Important: Although the web server is also available via HTTPS, please create links in datasets using HTTP only. This lowers CPU usage on both client and server while downloading huge files. If the files require a login/password, the user is automatically upgraded to HTTPS for login and download. Therefore it is recommended to make datasets with files on HS freely accessible.

Important: The restriction only works for the whole directory and all its sub-directories, so you should put every dataset in a separate directory!

If you want to enable directory listing, you can even place a ".dirlist" file inside the directory, which tells the web server, to supply a listing (for all files and sub-folders).

Please note: ".htaccess" files were disabled on HS/STORE. If such a file exists, the web server responds with HTTP 500 Internal Server Error.

Using this mechanism, it is also possible to restrict access to metadata/other versions of the data set (e.g. a PDF file). Just place these files in a folder on HS/STORE and place a ".datasetXXXXX" file in the directory. The files can only be downloaded, if the user is logged in according to dataset's restrictions.

Examples of data sets linked to BO

  • doi:10.1594/PANGAEA.108215 dataset consists of graphics and photos as a documentation of a geological sediment core. In the header the fields of the metainformation as described above are listed.
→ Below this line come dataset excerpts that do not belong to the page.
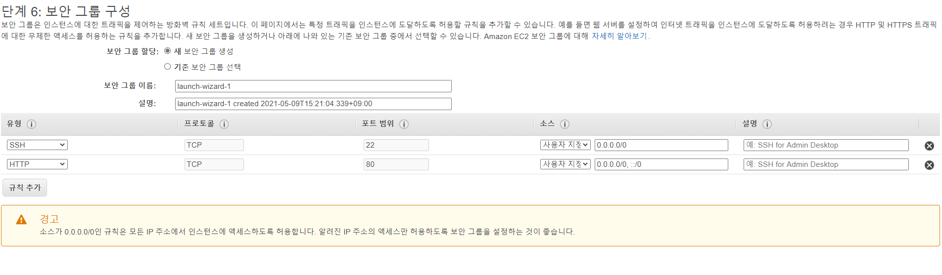 외부에서 접근하는 통신에 대한 보안 설정인데, 보안그룹의 이름을 지정하고 우리가 세팅한 것들을 저장할 수 있습니다.
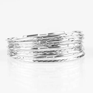 ❤️🔥5/$25❤️🔥 Featuring smooth, serrated, and pinched finishes, mismatched silver bangles stack across the wrist for a bold industrial look.
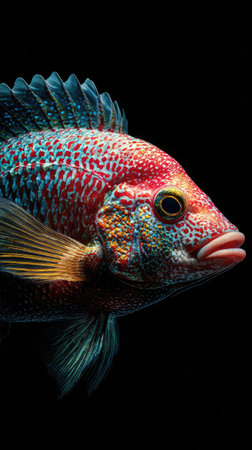 A close-up view presents a colorful tropical fish with a mix of red, blue, and yellow hues. The fish, showcasing detailed scales, is set against a solid black background. The lighting highlights the textures and color variations, suggesting potential uses in illustrations and educational materials, as well as decorative purposes.
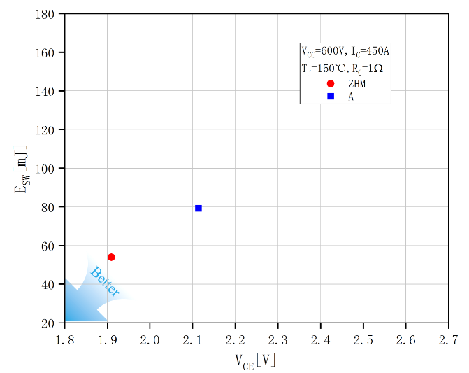 IGBT模塊的飽和壓降VCE sat和開關(guān)損耗ESW是相互制約的因素,但又共同影響著功耗情況。因此,如何根據(jù)應(yīng)用情況權(quán)衡兩者間的關(guān)系,是設(shè)計需要著重關(guān)注的要點之一。下圖所示是中恒微半導(dǎo)體與市場上主流A公司相同封裝模塊的綜合性能對比圖,從開關(guān)損耗和飽和壓降的平衡設(shè)計考慮,中恒微半導(dǎo)體的模塊都占有較大優(yōu)勢。
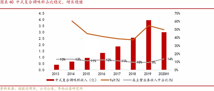 小龙虾调味料受市场追捧,中式复合调味料占比稳定。公司的中式复合调味料产品主要围绕“筷手小厨”子品牌推出,包含小龙虾调味料、鱼调味料和其它川式口味调味料。香辣、十三香、麻辣、蒜蓉、卤香、油焖等多种口味的小龙虾调味料匹配消费者对小龙虾持续高涨的热情,市场表现较好;油辣酸菜鱼、金汤酸菜鱼、水煮鱼等多种口味的鱼调味料以及夫妻肺片、鱼香肉丝、麻婆豆腐等经典川味调味料为消费者提供了更多选择。近年来公司中式复合调味料收入占比在12%上下波动,2020年上半年该项收入为3亿元,同比增长50%。
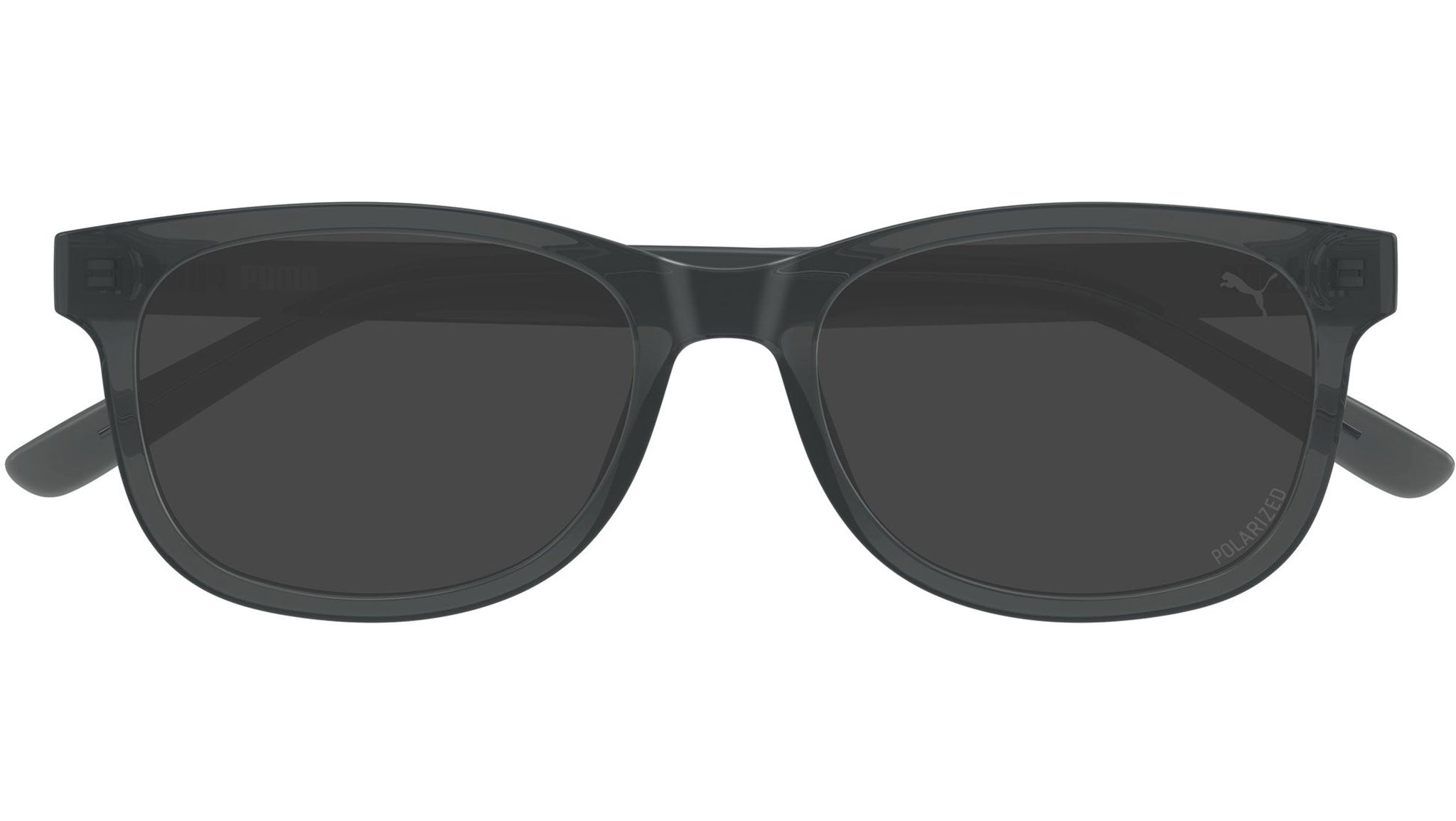 Occhiali da sole Puma PU0526S 002 uomo con montatura rettangolare in inietatto grigio scuro trasparente lucido e lenti grigio solido. Linea: Essential. Codice modello: PU0526S. Codice colore: 002. Rivenditore autorizzato Puma online. Gli occhiali vengono consegnati con custodia e accessori originali e sono coperti dalla garanzia ufficiale di 12 mesi del produttore.
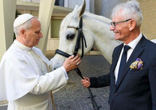 Vatikán 15. októbra (TK KBS) Poliak daroval pápežovi Levovi XIV. pred generálnou audienciou čistokrvného arabského koňa. K tomuto gestu ho inšpirovala fotografia augustiniánskeho pápeža na koni v Peru.
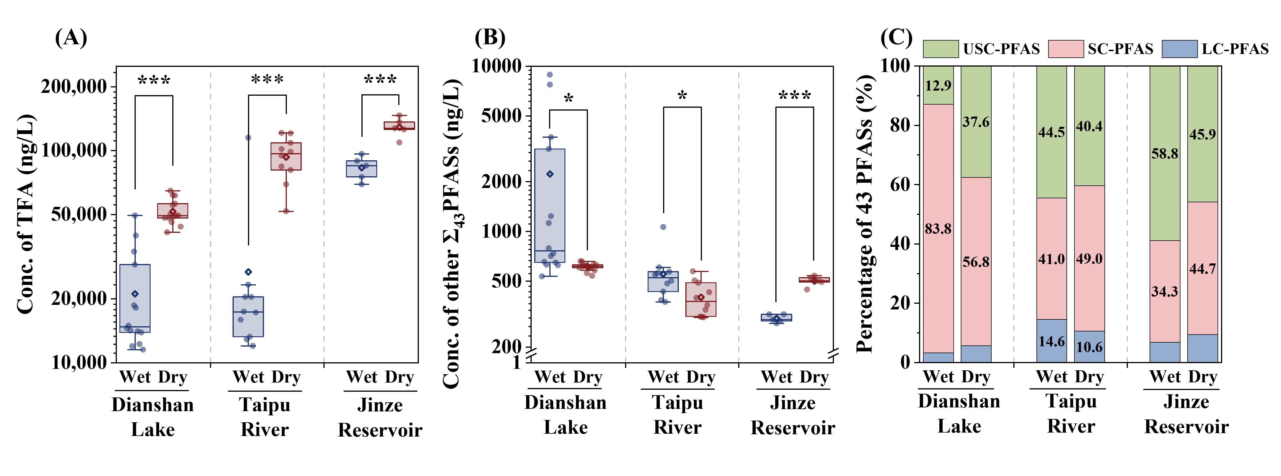 全氟多氟烷基化合物PFAS)因其优异的疏水疏油性和热稳定性被广泛应用于工业和消费品中,但其环境持久性、高迁移性和潜在毒性引发了全球关注。传统研究多聚焦于长链和短链PFAS,而碳链长度 ≤ 3的超短链PFASUSC-PFAS)的风险认知尚存局限。近年来,USC-PFAS在全球水体中频繁检出,其中三氟乙酸(TFA)浓度常高出其他PFAS几个数量级,暗示其可能已成为区域乃至全球水环境中不可忽视的新兴主导污染物。然而,目前对USC-PFAS的污染特征、来源解析、时空动态及其健康风险仍缺乏系统认知,尤其在快速城市化与工业化交织的敏感区域。
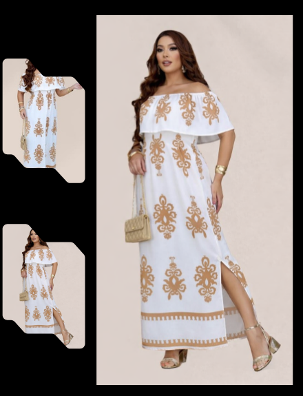 Vestido longo em crepe com modelagem ombro a ombro e estampa sofisticada, cor caramelo. Ideal para looks refinados, trazendo charme e feminilidade.
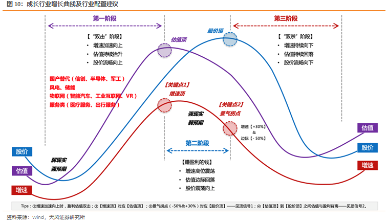 中期来看,支撑成长板块超额收益的仍然是自身景气方向。短期传统经济板块的悲观预期修复、高景气赛道消化拥挤度之后,风格趋势可能仍然是新经济占优。建议关注明年可能维持高增速或者可能增速大幅提升的方向,包括【国产替代(信创、半导体、军工)、风电、储能、物联网(智能汽车、工业互联网、VR)、服务类(医疗服务、出行服务)】。
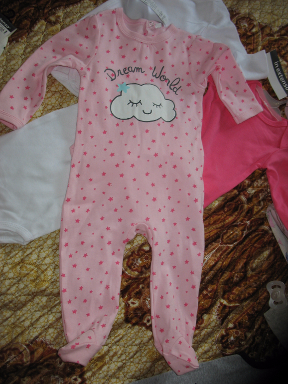 Бодики по 40 руб( хлопок, были 120). Комбинезон -был 339, сейчас 108...
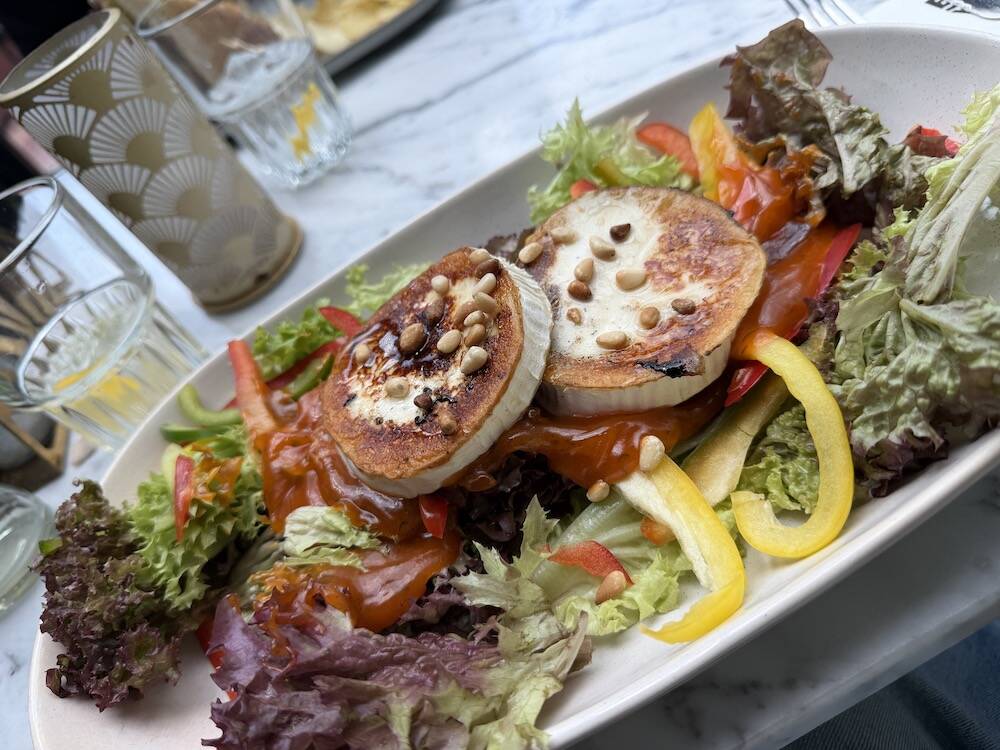 ’s Middags neemt mijn collega me mee uit lunchen. Ik ga voor deze geitenkaas salade en hij is echt waanzinnig.

In HTML-view the grafic objects are shown as thumbnails, a click on a thumbnail starts download of the file in full resolution.
  • doi:10.1594/PANGAEA.198686 shows photos from the ocean floor along a transect. Due to a missing relation between photo and precise position, all photos are related to a single pair of latitude/longitude only; in addition the lat/longs describing the track are given in one minute time resolution as additional text file. For a convenient download of all photos an extra link is added.
  • doi:10.1594/PANGAEA.119185 is a fully georeferenced data set containg the description of a cruise track with links to BO as seismic and grafic files from certain segments of the track. Columns with further technical data are added. The URL shows the path to the mass storage system for BO used by PANGAEA.